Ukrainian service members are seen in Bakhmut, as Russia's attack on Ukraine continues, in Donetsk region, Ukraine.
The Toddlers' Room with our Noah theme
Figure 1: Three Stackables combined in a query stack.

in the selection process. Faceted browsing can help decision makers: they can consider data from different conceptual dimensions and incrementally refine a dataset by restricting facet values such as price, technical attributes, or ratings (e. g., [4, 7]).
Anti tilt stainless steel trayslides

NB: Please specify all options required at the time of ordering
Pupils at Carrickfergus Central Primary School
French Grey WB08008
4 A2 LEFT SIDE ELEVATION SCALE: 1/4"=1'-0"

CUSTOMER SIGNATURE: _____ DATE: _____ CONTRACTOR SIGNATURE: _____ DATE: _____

---*---

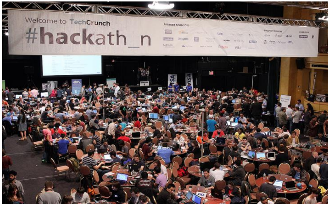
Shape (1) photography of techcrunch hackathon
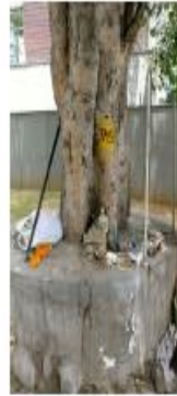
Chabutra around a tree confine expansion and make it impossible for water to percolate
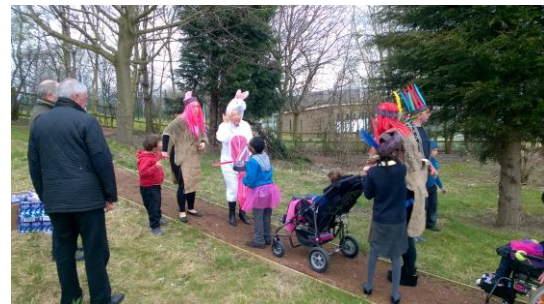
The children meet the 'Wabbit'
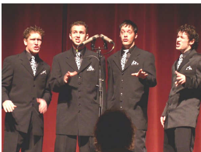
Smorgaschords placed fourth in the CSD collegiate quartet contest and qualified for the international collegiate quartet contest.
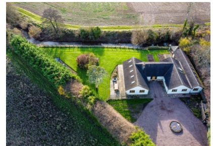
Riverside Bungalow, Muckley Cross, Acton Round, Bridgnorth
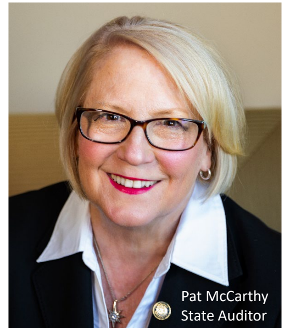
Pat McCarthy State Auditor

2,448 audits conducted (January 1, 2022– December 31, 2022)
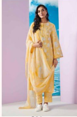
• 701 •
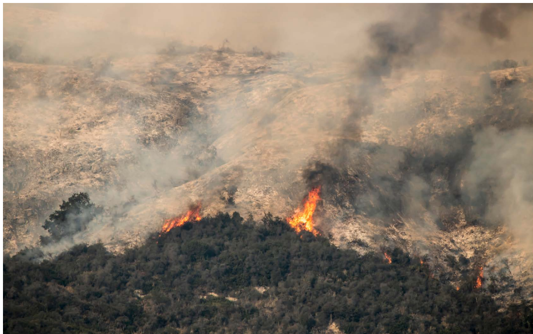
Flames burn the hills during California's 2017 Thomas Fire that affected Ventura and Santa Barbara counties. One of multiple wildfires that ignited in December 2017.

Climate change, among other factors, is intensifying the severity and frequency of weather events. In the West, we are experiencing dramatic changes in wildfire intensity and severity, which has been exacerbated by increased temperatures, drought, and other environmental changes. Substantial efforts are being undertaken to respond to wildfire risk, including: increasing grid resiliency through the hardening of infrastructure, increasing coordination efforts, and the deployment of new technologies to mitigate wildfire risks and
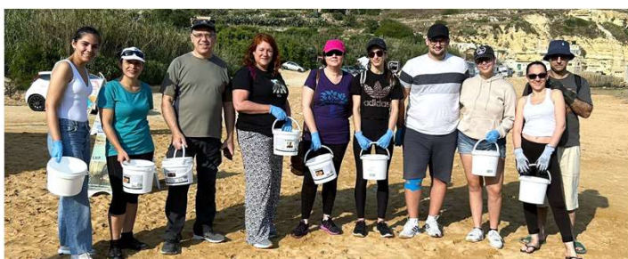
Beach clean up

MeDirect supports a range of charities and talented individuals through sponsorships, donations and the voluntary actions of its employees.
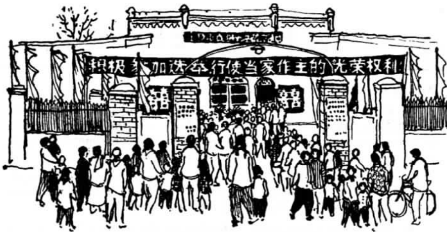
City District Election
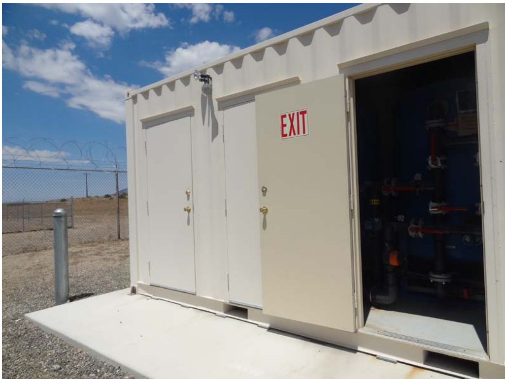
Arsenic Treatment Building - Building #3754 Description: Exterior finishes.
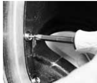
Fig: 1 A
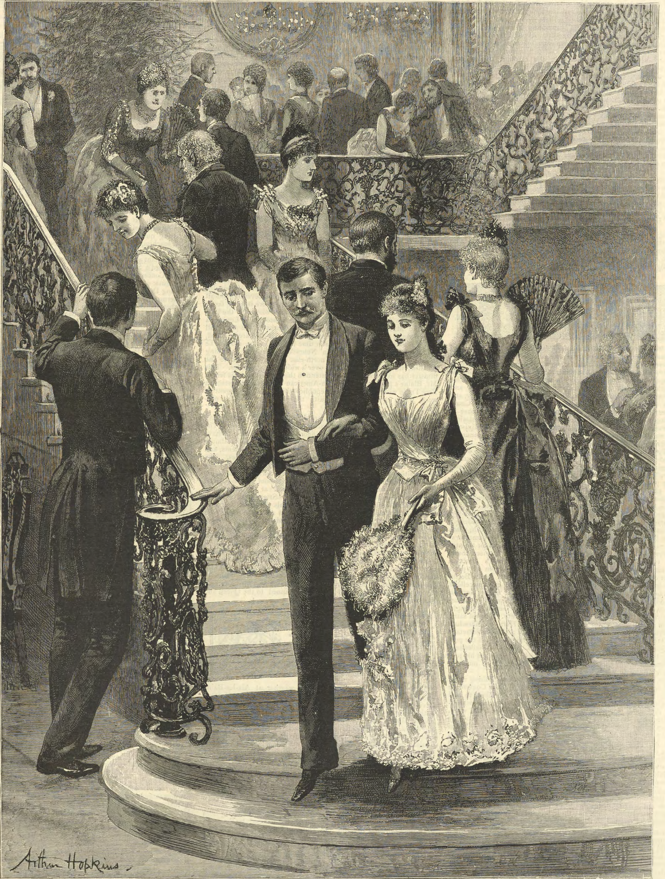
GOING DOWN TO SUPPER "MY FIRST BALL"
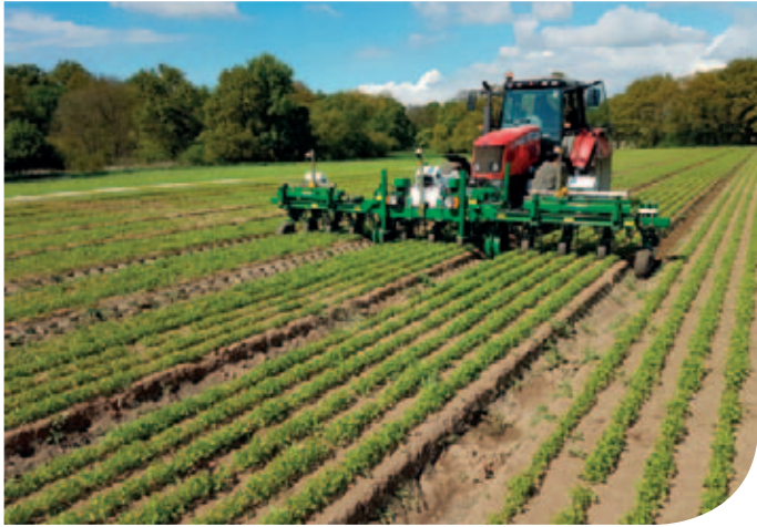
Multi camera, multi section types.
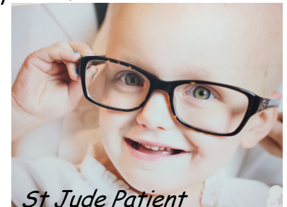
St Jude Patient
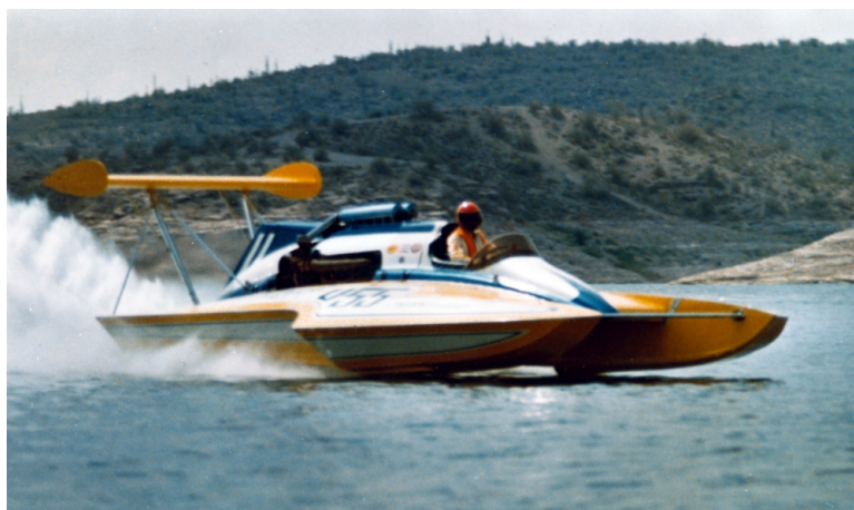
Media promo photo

---*---

▶ **What you are asked to do**
Each line of the data above containing the string "December" is to be copied.

▶ **Answer to the exercise**
2,448 audits conducted (January 1, 2022– December 31, 2022)
Flames burn the hills during California's 2017 Thomas Fire that affected Ventura and Santa Barbara counties. One of multiple wildfires that ignited in December 2017.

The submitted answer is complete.